Some companies live longer than others. McKinsey partner Claudio Feser knows what these companies do better.
Mr Feser, you examined company life cycles for your book.* How long do companies last, on average?
Much less than people generally think. Half of all publicly listed companies disappear within a decade. Only one in seven makes it to 30, and only one in 20 sees its 50th anniversary. As with people, most companies follow a natural life cycle of birth, growth, maturity and death.Unlike with people, however, not every company experiences “death”.
Some have been around for hundreds of years, as we showed in an article on the Methuselahs of the corporate world. What do these companies do better than others?

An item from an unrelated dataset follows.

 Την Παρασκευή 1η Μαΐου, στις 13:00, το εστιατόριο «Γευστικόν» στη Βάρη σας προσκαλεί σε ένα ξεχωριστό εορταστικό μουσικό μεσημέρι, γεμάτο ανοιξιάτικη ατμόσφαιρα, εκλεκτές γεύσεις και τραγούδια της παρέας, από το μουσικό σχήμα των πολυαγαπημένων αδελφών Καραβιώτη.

First, you have to know why companies do not last long. Markets are dynamic, but companies are not. The markets redeploy around 20 to 25% of their capital every year in the search for more attractive returns around the world and in different industries. By contrast, companies redeploy only 2% to 6% of their capital each year.
Why is that?
Companies are often, at least in the short term, bound to certain regions and certain markets. To put it simply, their budget is often simply the previous year’s budget plus a couple percent. Companies that have been around for a long time tend to be more dynamic. They question themselves, they experiment, they constantly develop new products, processes and business methods. They are therefore able to adapt to changing markets and environments and extend their life expectancy. I call such companies serial innovators.
Could you name two or three companies that you think do this particularly well?

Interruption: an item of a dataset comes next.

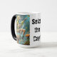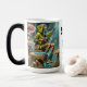 Une tasse qui se transforme et dévoile une fille cyberpunk sur un champignon qui se réchauffe, avec "Saisir la journée" en caractères gras et électriques. C'est une dose quotidienne de motivation futuriste !
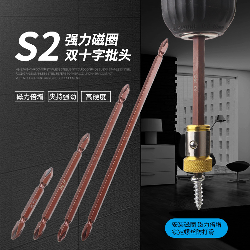S2 더블 헤드 크로스 일자 드라이버 전동 드릴 헤드 강한 자풍 배치 연장기 드라이버 PH2

It is difficult to single out particular companies because the specific approaches for continuous innovation are so varied. But if I had to name three companies, they would be Pixar, Apple and Novartis. They manage to constantly reinvent themselves and not only expand existing markets, but create entirely new ones.

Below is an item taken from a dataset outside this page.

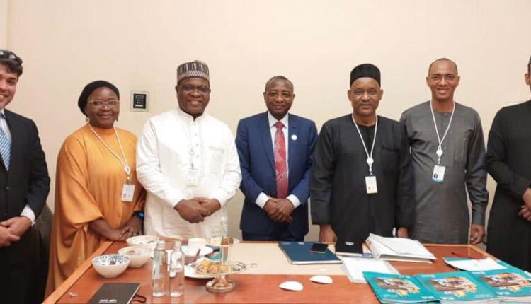 The Gombe State delegation, led by the Chairman of the State’s Investment and Property Development Company, Dr. Umaru Kwairanga met with the IsDB’s Team comprising of Dr. Mansur Mukhtar, Vice President; Dr. Ahsaru Kibria, Country Manager; Mr. Mahmodou Alpha Bah, IsDB Nigeria Office; and Mr. Abdulkadir Baba-Ahmed, from IsDB VPs Office, Jeddah.
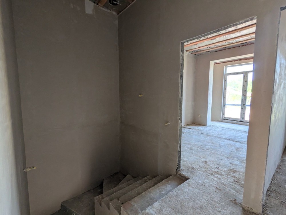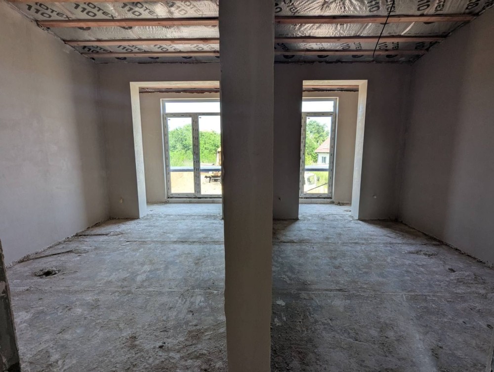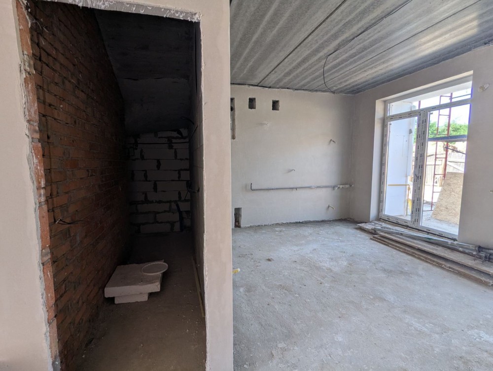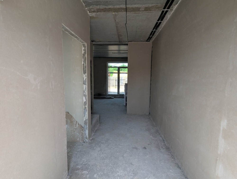 Таунхаус під чистове оздоблення (стяжка, штукатурка). У вартість входить також покладена бруківка, металевий паркан (фальшбрус), ворота, облаштований задній дворик.

Other companies do not do this. Why not?
Like biological organisms, companies age. Their “metabolism” slows down and they become more sluggish. Behavioural psychology refers to this as “rigidity”, which is another way of saying they become more cumbersome. A company’s processes become more bureaucratic and its corporate culture becomes inflexible to change.
Why does this occur?
Based on their experiences, people develop patterns of thinking that make them act in a biased manner. Psychologists call this “cognitive bias”. A study by McKinsey, for example, showed that managers often give disproportionate weight to potential losses compared to potential gains. For example, they hesitate to make investments if these have to be recognised in the income statement as an expense. Such thinking can sometimes prevent managers from identifying important market or technological changes and seizing worthwhile opportunities.
Could you provide a concrete example of this?
One prominent example is Bethlehem Steel, which was one of the largest companies in the US in the 1950s. Its management, perhaps precisely because it had been very successful for so long, did not see the ground-breaking developments that were occurring, such as the trend towards mid- and low-rise buildings – and thus lighter steel construction – as well as the emergence of a new production method called continuous casting. The company found itself with products that were no longer needed and a cost structure that was no longer competitive. After being in existence for 140 years, Bethlehem Steel filed for bankruptcy in 2003.
What can companies do to combat such sclerotic mentalities?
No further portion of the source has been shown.